* _DATA LISTING_:

|---|

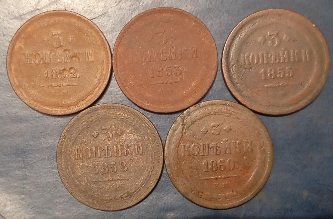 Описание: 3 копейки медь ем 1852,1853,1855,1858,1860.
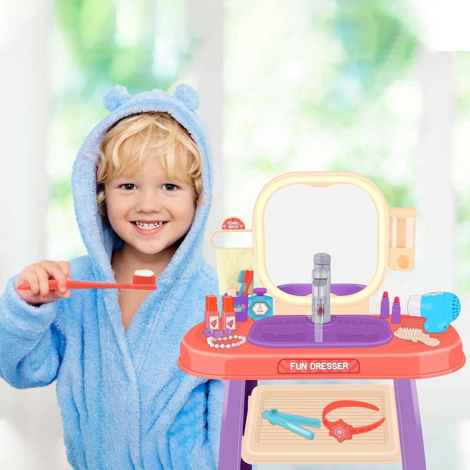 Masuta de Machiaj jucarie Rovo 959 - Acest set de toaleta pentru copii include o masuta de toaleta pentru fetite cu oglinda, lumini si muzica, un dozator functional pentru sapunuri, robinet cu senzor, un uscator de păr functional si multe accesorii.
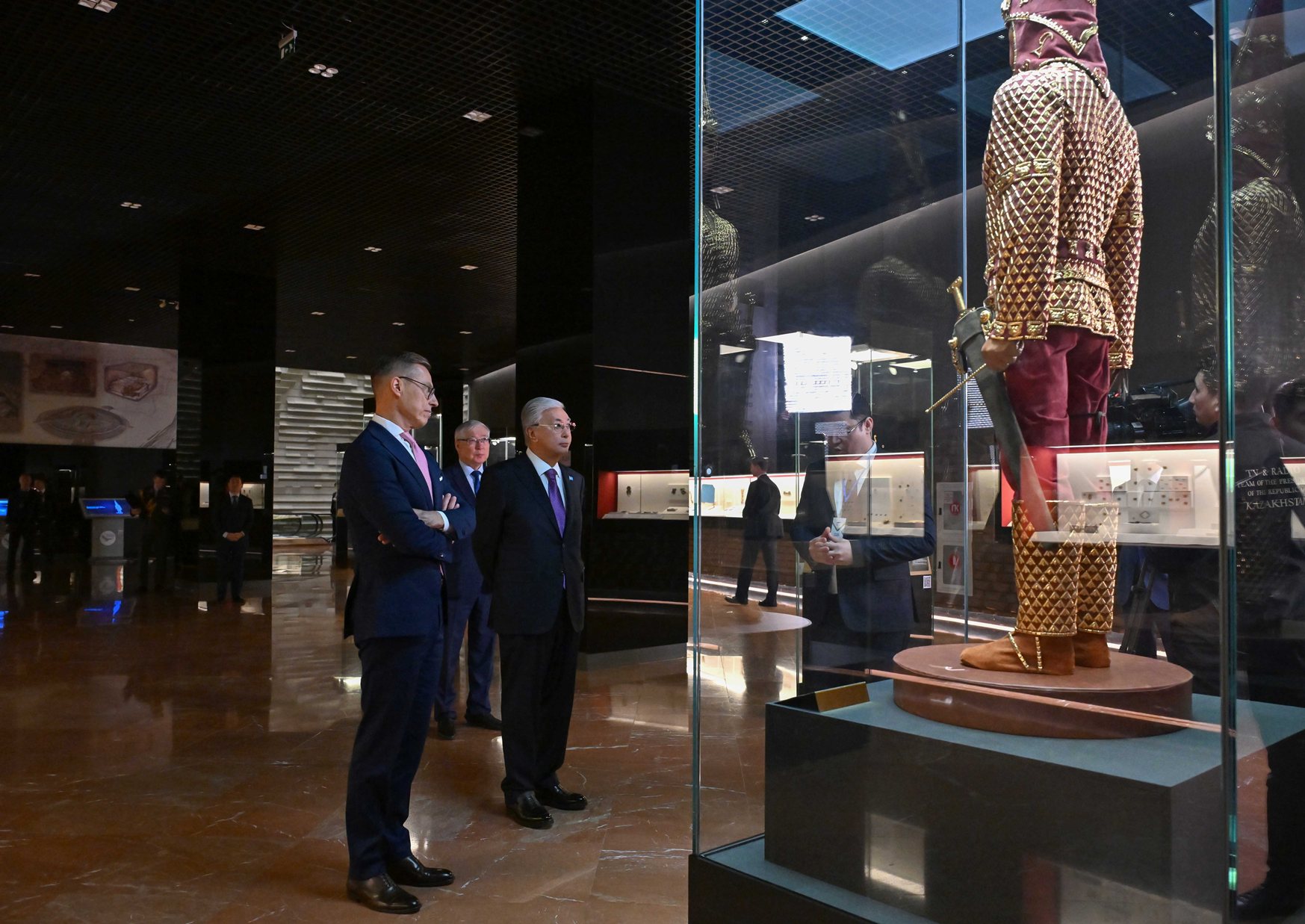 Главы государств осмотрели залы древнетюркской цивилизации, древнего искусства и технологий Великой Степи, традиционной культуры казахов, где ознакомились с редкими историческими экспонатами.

|---|

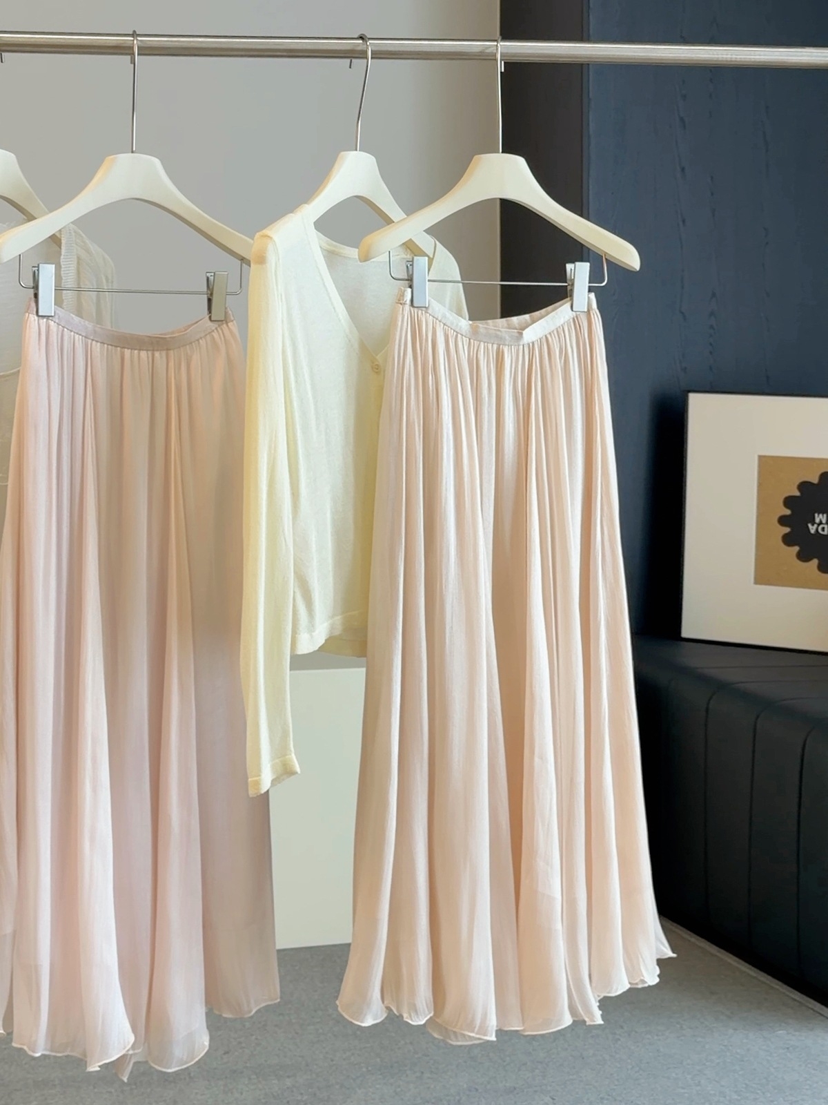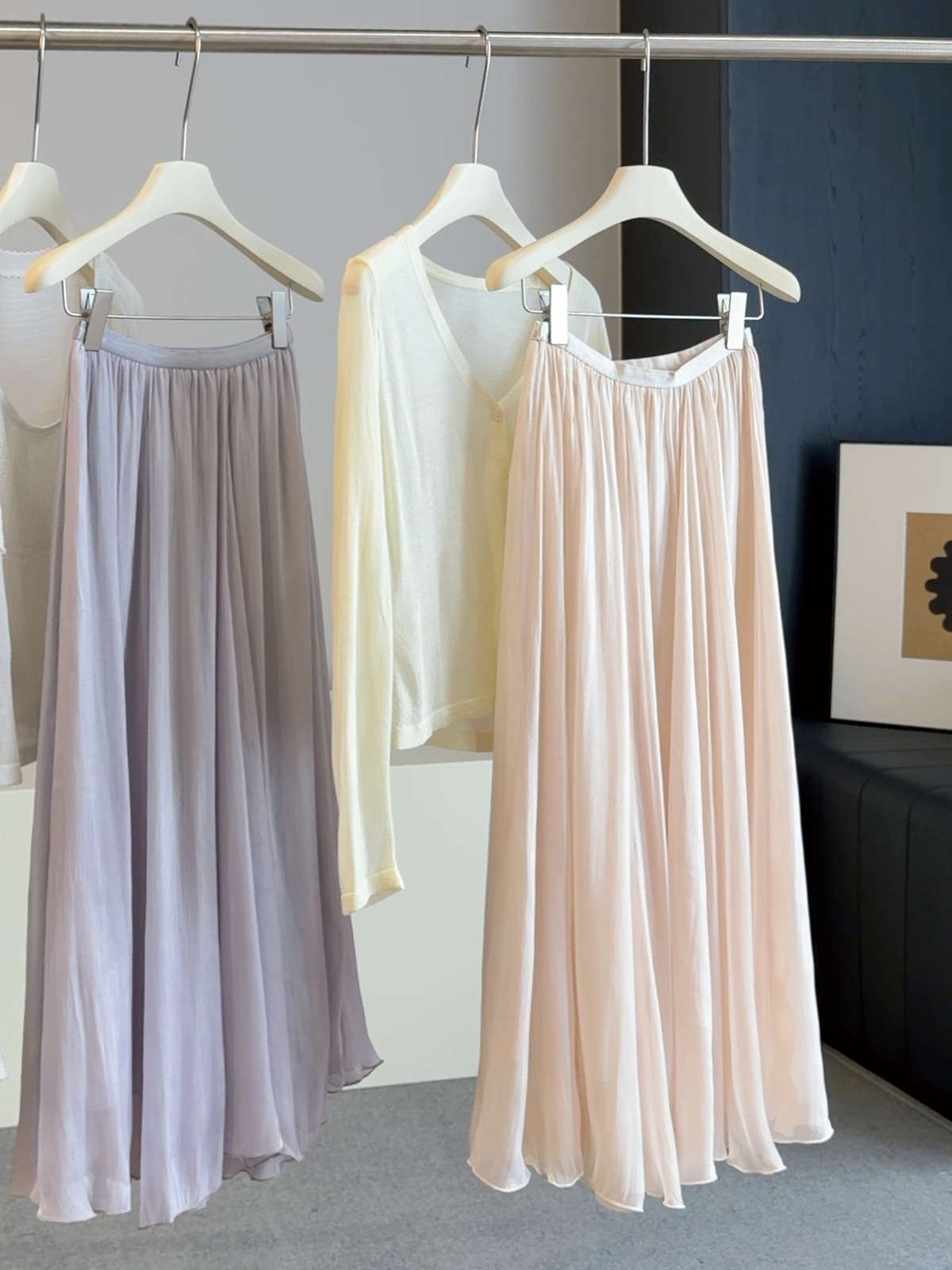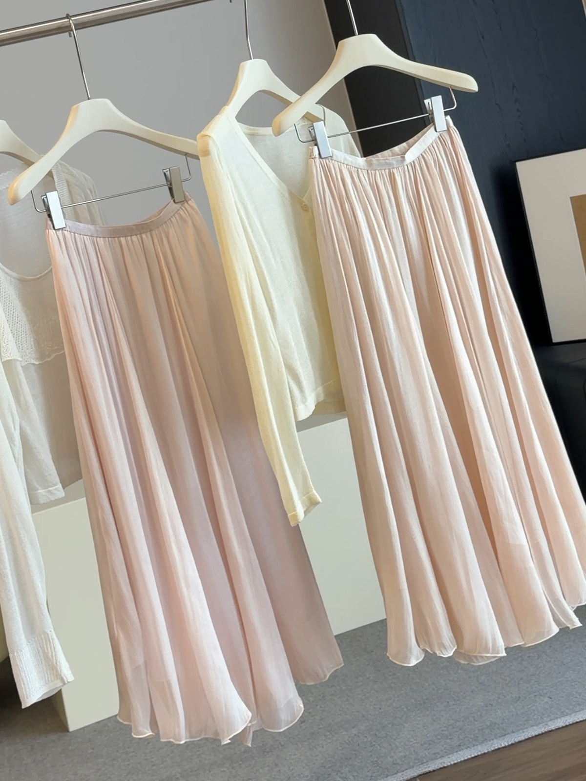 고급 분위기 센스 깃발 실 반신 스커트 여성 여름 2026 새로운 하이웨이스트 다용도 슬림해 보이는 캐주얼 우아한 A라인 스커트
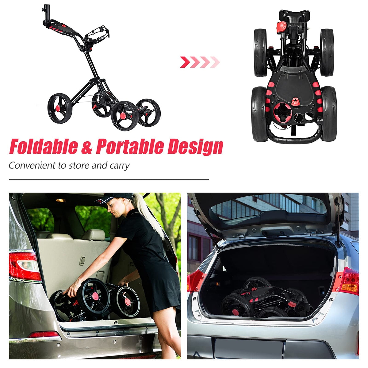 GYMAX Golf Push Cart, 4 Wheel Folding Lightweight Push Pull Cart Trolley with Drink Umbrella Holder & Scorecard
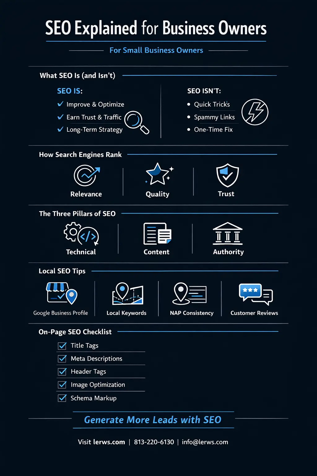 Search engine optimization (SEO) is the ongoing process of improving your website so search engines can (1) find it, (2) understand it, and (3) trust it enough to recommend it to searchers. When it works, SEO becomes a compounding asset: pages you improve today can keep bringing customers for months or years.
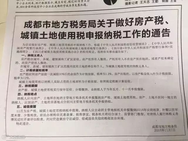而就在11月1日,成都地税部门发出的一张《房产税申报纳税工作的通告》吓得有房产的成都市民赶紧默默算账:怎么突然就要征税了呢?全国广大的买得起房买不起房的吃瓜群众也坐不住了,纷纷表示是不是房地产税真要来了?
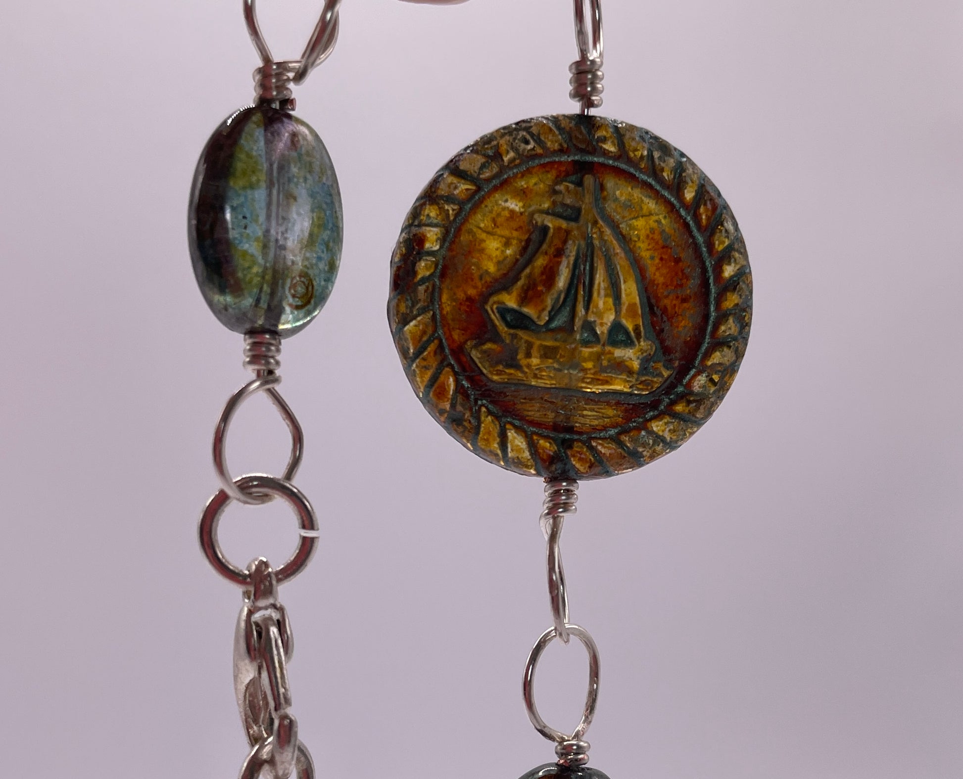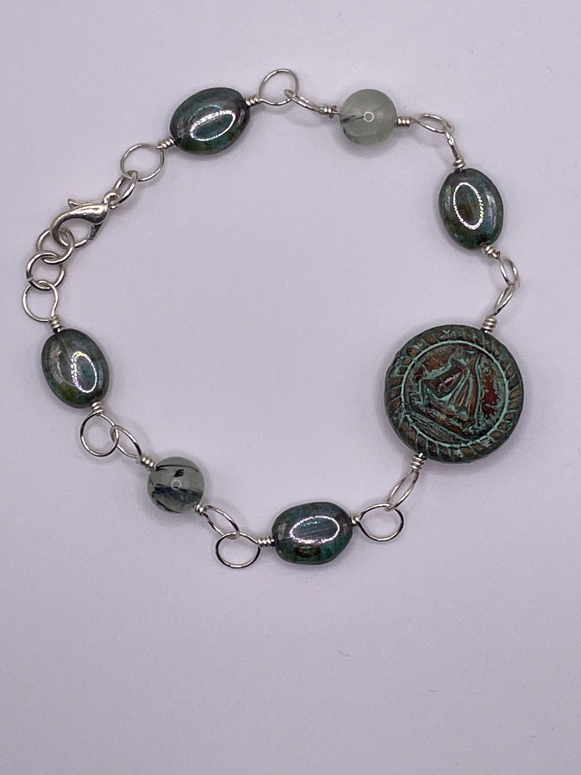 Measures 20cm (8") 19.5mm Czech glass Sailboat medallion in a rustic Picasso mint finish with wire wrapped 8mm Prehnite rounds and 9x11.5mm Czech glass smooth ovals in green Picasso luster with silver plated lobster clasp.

|---|

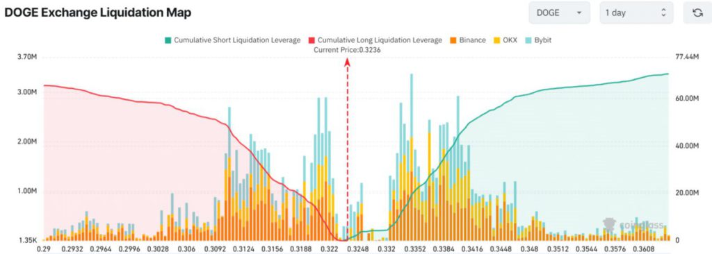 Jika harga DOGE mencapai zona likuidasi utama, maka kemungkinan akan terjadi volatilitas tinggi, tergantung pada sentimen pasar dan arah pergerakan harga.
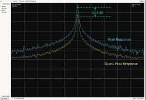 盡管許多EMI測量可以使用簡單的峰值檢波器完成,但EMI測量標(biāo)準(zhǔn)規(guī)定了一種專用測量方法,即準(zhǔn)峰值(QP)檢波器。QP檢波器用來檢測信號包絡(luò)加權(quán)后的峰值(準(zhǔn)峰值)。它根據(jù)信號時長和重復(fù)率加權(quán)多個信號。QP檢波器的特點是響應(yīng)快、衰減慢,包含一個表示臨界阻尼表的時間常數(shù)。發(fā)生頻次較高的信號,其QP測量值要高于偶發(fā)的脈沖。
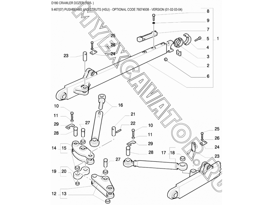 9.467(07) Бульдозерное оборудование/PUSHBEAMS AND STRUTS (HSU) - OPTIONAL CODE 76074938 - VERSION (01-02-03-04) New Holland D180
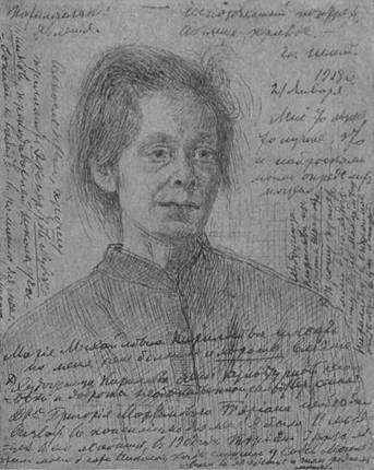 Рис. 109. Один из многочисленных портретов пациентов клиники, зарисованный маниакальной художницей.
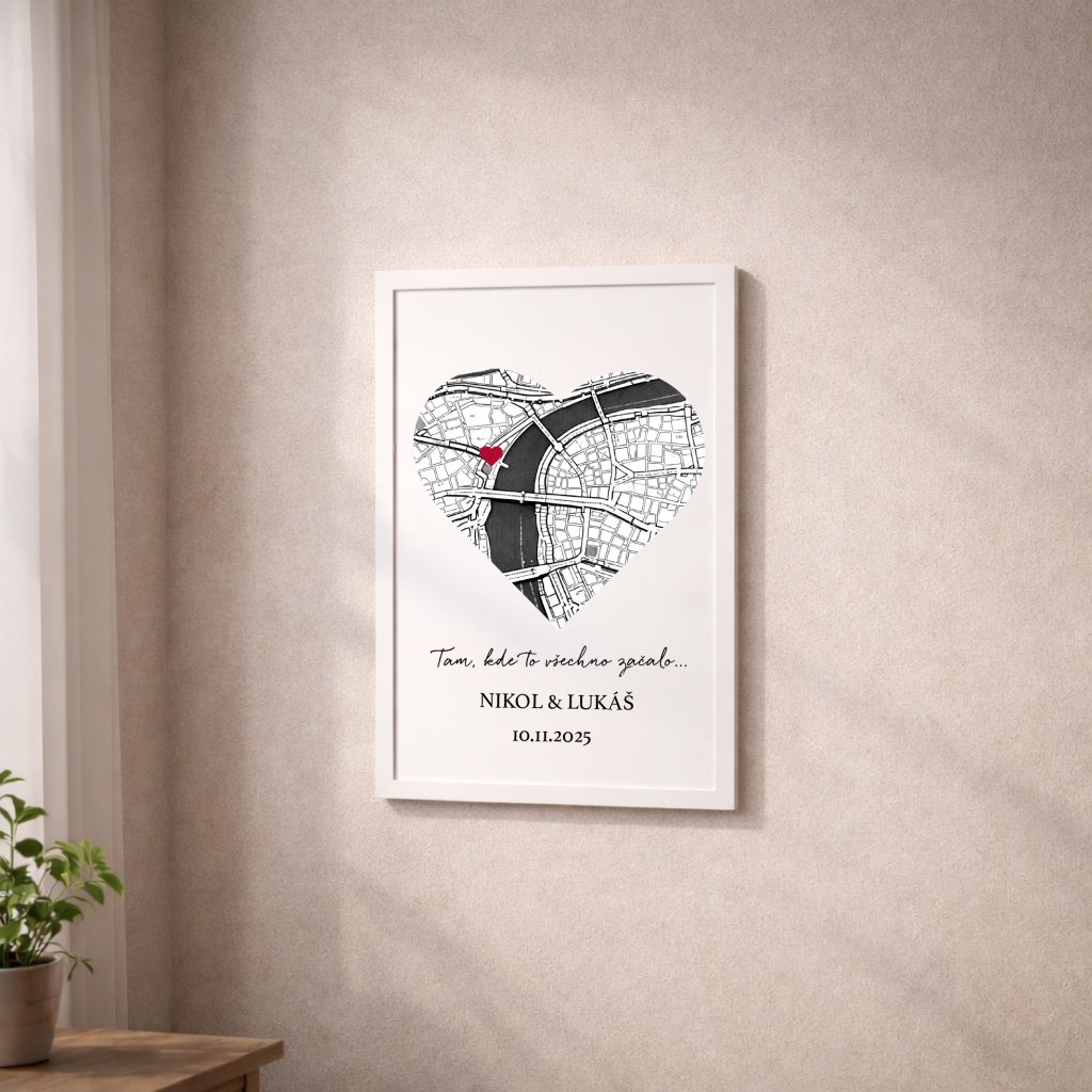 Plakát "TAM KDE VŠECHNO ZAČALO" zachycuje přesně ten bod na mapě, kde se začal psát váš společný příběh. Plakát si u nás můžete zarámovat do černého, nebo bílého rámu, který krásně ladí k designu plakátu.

|---|

* _EXERCISE DETAILS_:
Using the material above, reproduce only the lines that run from the line with "Рис. 109. Один" up to and including the line with "k designu plakátu.", exactly, with the pictures dropped.

* _EXERCISE RESULT_:
 Рис. 109. Один из многочисленных портретов пациентов клиники, зарисованный маниакальной художницей.
 Plakát "TAM KDE VŠECHNO ZAČALO" zachycuje přesně ten bod na mapě, kde se začal psát váš společný příběh. Plakát si u nás můžete zarámovat do černého, nebo bílého rámu, který krásně ladí k designu plakátu.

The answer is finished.